- _EXTRACTED MATERIAL_:
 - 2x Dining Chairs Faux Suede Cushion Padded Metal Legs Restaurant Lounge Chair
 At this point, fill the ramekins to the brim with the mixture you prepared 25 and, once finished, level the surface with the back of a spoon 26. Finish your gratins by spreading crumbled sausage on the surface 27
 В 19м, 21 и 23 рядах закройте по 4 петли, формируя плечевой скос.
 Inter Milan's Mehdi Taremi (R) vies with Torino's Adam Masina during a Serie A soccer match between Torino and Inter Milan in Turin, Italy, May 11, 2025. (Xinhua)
...
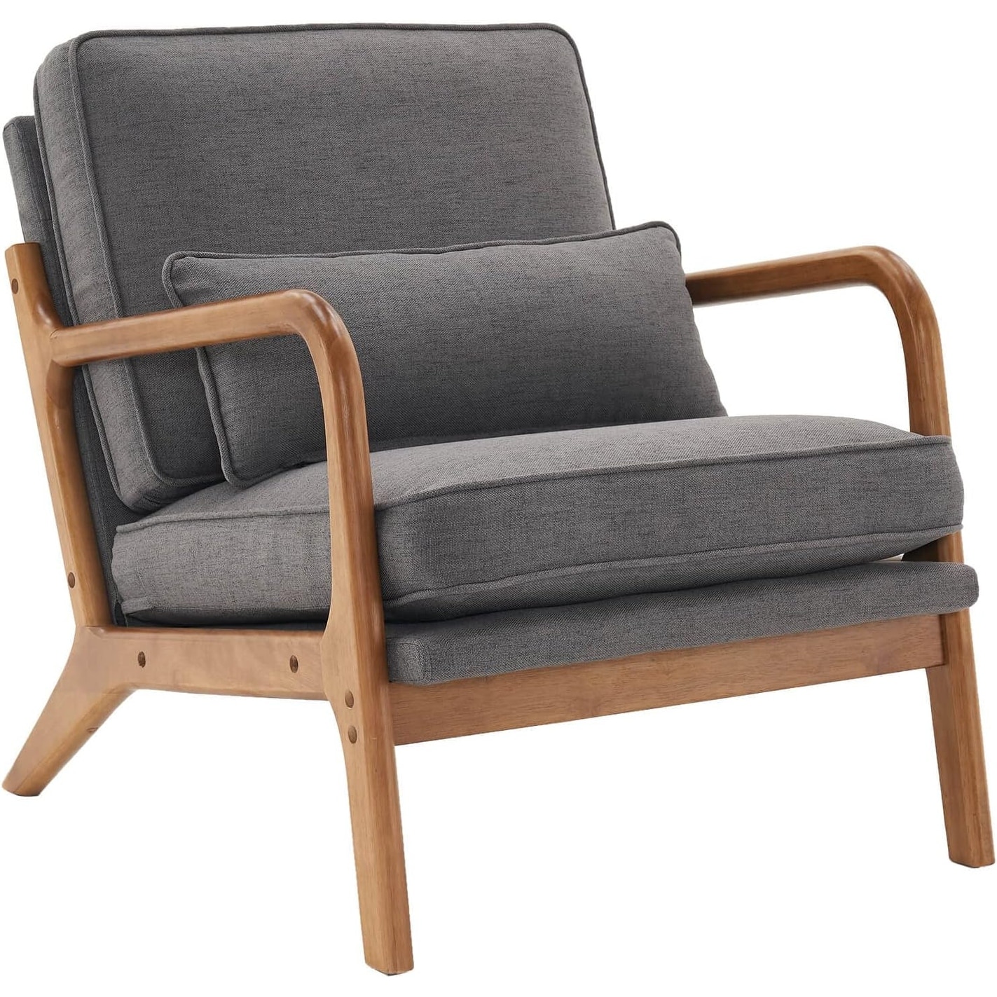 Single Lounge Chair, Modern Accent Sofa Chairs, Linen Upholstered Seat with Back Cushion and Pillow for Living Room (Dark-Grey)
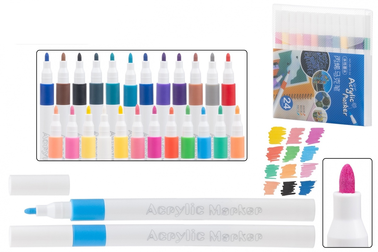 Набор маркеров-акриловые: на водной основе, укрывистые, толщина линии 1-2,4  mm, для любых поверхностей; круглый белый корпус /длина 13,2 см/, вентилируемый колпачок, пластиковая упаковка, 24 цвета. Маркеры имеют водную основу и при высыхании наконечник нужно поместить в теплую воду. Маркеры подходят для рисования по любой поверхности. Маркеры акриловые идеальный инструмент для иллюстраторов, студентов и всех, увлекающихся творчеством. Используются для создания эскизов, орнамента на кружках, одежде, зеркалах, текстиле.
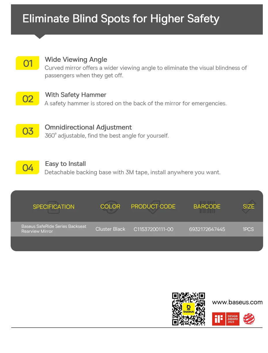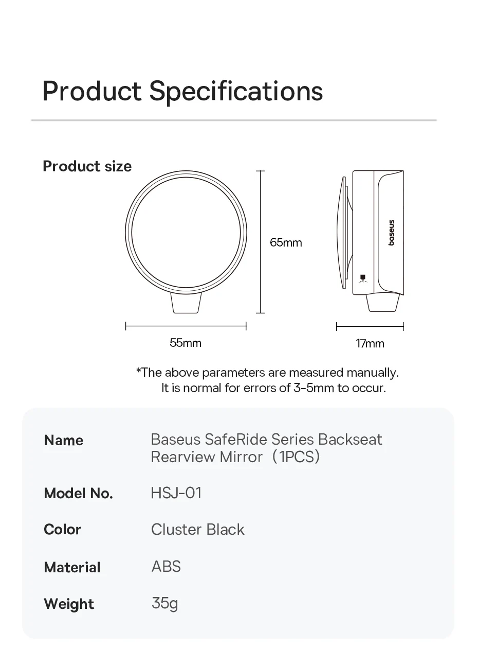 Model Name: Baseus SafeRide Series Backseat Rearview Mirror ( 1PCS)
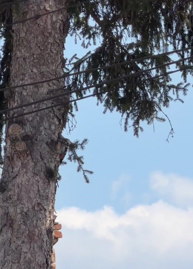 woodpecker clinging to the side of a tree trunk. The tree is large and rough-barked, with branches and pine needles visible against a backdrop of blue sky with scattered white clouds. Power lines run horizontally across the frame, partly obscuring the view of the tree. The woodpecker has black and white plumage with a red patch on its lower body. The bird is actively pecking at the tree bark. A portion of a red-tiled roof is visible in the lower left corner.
---
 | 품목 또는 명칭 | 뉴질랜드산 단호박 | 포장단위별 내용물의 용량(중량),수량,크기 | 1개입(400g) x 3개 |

- _WHAT TO DO_: The lines above from the line with "Набор маркеров-акриловые: на" through the line with "woodpecker clinging to" are to be given again word for word, with no pictures among them.

- _REPLY_:
 Набор маркеров-акриловые: на водной основе, укрывистые, толщина линии 1-2,4  mm, для любых поверхностей; круглый белый корпус /длина 13,2 см/, вентилируемый колпачок, пластиковая упаковка, 24 цвета. Маркеры имеют водную основу и при высыхании наконечник нужно поместить в теплую воду. Маркеры подходят для рисования по любой поверхности. Маркеры акриловые идеальный инструмент для иллюстраторов, студентов и всех, увлекающихся творчеством. Используются для создания эскизов, орнамента на кружках, одежде, зеркалах, текстиле.
 Model Name: Baseus SafeRide Series Backseat Rearview Mirror ( 1PCS)
 woodpecker clinging to the side of a tree trunk. The tree is large and rough-barked, with branches and pine needles visible against a backdrop of blue sky with scattered white clouds. Power lines run horizontally across the frame, partly obscuring the view of the tree. The woodpecker has black and white plumage with a red patch on its lower body. The bird is actively pecking at the tree bark. A portion of a red-tiled roof is visible in the lower left corner.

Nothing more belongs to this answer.